* _INSTRUCTIONS FOR THE TASK_: Images excepted, the data below must be repeated exactly.

* _EXERCISE DATA_:
= Beginning of Section =
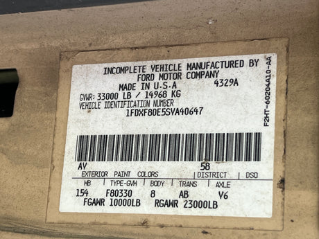 1997 Ford F800 Low Profile Option Conventional Cab
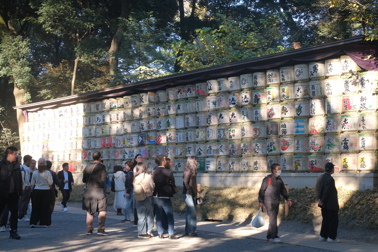 毎度おなじみの酒樽と、その向かいのワイン樽。酒樽はどこの神社にもあるがワイン樽は珍しい。これは明治天皇がワイン好きだったにの由来しフランスのワインメーカから奉納された。
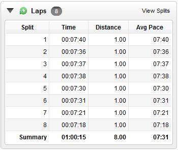 8.0 mile Progressive Run in 1:00:15 (7:31 min/mile pace)
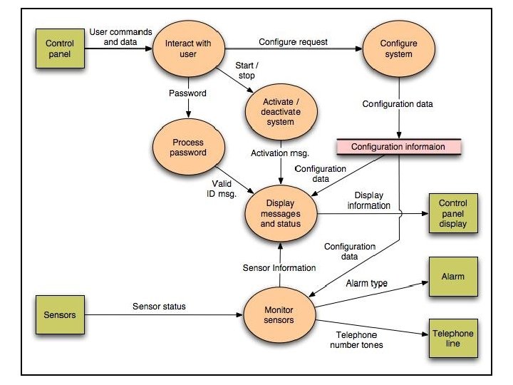 Processing narrative • The Safe. Home security function enables the homeowner to configure the security system when it is installed, monitors all sensors connected to the security system, and interacts with the homeowner through the Internet, a PC, or a control panel. • During installation, the Safe. Home PC is used to program and configure the system. Each sensor is assigned a number and type, a master password is programmed for arming and disarming the system, and telephone number(s) are input for dialing when a sensor event occurs. • When a sensor event is recognized, the software invokes an audible alarm attached to the system. After a delay time that is specified by the homeowner during system configuration activities, the software dials a telephone number of a monitoring service, provides information about the location, reporting the nature of the event that has been detected. The telephone number will be redialed every 20 seconds until a telephone connection is obtained. • The homeowner receives security information via a control panel, the PC, or a browser, collectively called an interface. The interface displays prompting messages and system status information on the control panel, the PC, or the browser window. Homeowner interaction takes the following form…
= End of Section =
* _TASK RESPONSE_:
 1997 Ford F800 Low Profile Option Conventional Cab
 毎度おなじみの酒樽と、その向かいのワイン樽。酒樽はどこの神社にもあるがワイン樽は珍しい。これは明治天皇がワイン好きだったにの由来しフランスのワインメーカから奉納された。
 8.0 mile Progressive Run in 1:00:15 (7:31 min/mile pace)
 Processing narrative • The Safe. Home security function enables the homeowner to configure the security system when it is installed, monitors all sensors connected to the security system, and interacts with the homeowner through the Internet, a PC, or a control panel. • During installation, the Safe. Home PC is used to program and configure the system. Each sensor is assigned a number and type, a master password is programmed for arming and disarming the system, and telephone number(s) are input for dialing when a sensor event occurs. • When a sensor event is recognized, the software invokes an audible alarm attached to the system. After a delay time that is specified by the homeowner during system configuration activities, the software dials a telephone number of a monitoring service, provides information about the location, reporting the nature of the event that has been detected. The telephone number will be redialed every 20 seconds until a telephone connection is obtained. • The homeowner receives security information via a control panel, the PC, or a browser, collectively called an interface. The interface displays prompting messages and system status information on the control panel, the PC, or the browser window. Homeowner interaction takes the following form…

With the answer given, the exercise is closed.